Book Synopsis Asymptotics and Mellin-Barnes Integrals by : R. B. Paris
Download or read book Asymptotics and Mellin-Barnes Integrals written by R. B. Paris and published by Cambridge University Press. This book was released on 2001-09-24 with total page 452 pages. Available in PDF, EPUB and Kindle. Book excerpt: Asymptotics and Mellin-Barnes Integrals, first published in 2001, provides an account of the use and properties of a type of complex integral representation that arises frequently in the study of special functions typically of interest in classical analysis and mathematical physics. After developing the properties of these integrals, their use in determining the asymptotic behaviour of special functions is detailed. Although such integrals have a long history, the book's account includes recent research results in analytic number theory and hyperasymptotics. The book also fills a gap in the literature on asymptotic analysis and special functions by providing a thorough account of the use of Mellin-Barnes integrals that is otherwise not available in other standard references on asymptotics.

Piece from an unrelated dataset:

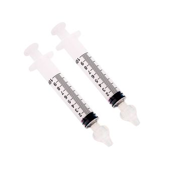 O Kit Seringas de Lavagem Nasal é composto por duas seringas de 10 ml e dois adaptadores de silicone macios.

Book Synopsis Asymptotic Methods For Integrals by : Nico M Temme
Download or read book Asymptotic Methods For Integrals written by Nico M Temme and published by World Scientific. This book was released on 2014-10-31 with total page 628 pages. Available in PDF, EPUB and Kindle. Book excerpt: This book gives introductory chapters on the classical basic and standard methods for asymptotic analysis, such as Watson's lemma, Laplace's method, the saddle point and steepest descent methods, stationary phase and Darboux's method. The methods, explained in great detail, will obtain asymptotic approximations of the well-known special functions of mathematical physics and probability theory. After these introductory chapters, the methods of uniform asymptotic analysis are described in which several parameters have influence on typical phenomena: turning points and transition points, coinciding saddle and singularities. In all these examples, the special functions are indicated that describe the peculiar behavior of the integrals.The text extensively covers the classical methods with an emphasis on how to obtain expansions, and how to use the results for numerical methods, in particular for approximating special functions. In this way, we work with a computational mind: how can we use certain expansions in numerical analysis and in computer programs, how can we compute coefficients, and so on.